(Problem details)
Everything from the line containing "Pendentif en or" to the end of the listing, both included, should be returned exactly, apart from the pictures.

(Exercise data)
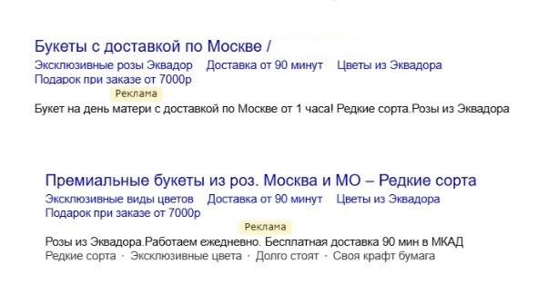 - Поисковые кампании на коммерческие запросы («заказать цветы», «доставка букетов») РСЯ с разными креативами и форматами объявлений
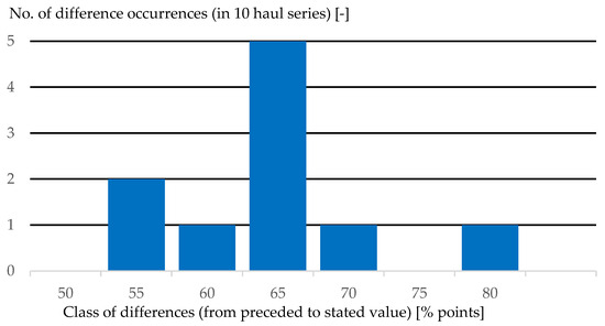The mean difference between the percentage of undersized cod caught by the UC + DD + DK codend and non-selective herring codend using double bottom trawls in 2023 was 61.7% points with an SD of 8.4% points. The distribution of the frequency of measured differences allocated into 5% point classes (see Figure 19) has not been validated due to the low sample number (the number of comparative hauls by double bottom trawling was 10), but one can assume that there is no or negligible correlation between percentages of undersized cod with the UC+DD+DK codend and the non-selective herring codend as correlation coefficients of Pearson and Spearman are, respectively, 0.09 and 0.05 (a relationship such as a higher percentage for the non-selective codend and a higher percentage for the selective one does not exist—the variables do not tend to change together at either a constant or a non-constant rate).
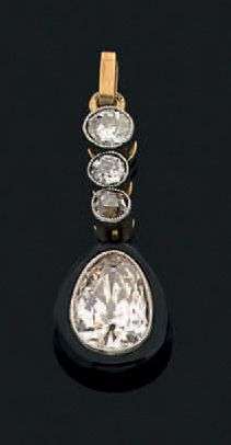 Pendentif en or jaune et gris 18k composé d'une chute de petits diamants retenant un diamant de taille ancienne de forme poire dans un entourage émaillé noir.
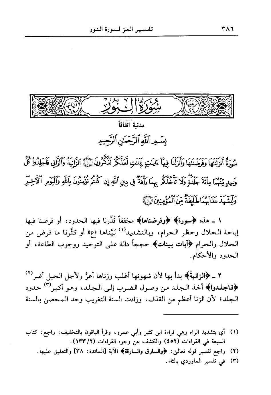 {سورة أنزلناها وفرضناها وانزلنا فيها ءايات بينات لعلكم تذكرون الزّانية والزاني فاجلدوا كل واحدٍ منهما مائة جلدةٍ ولا تأخذكم بهما رأفة في دين الله إن كنتم تؤمنون بالله واليوم الآخر وليشهد عذابهما طائفة من المؤمنين}

(Written solution)
 Pendentif en or jaune et gris 18k composé d'une chute de petits diamants retenant un diamant de taille ancienne de forme poire dans un entourage émaillé noir.
 {سورة أنزلناها وفرضناها وانزلنا فيها ءايات بينات لعلكم تذكرون الزّانية والزاني فاجلدوا كل واحدٍ منهما مائة جلدةٍ ولا تأخذكم بهما رأفة في دين الله إن كنتم تؤمنون بالله واليوم الآخر وليشهد عذابهما طائفة من المؤمنين}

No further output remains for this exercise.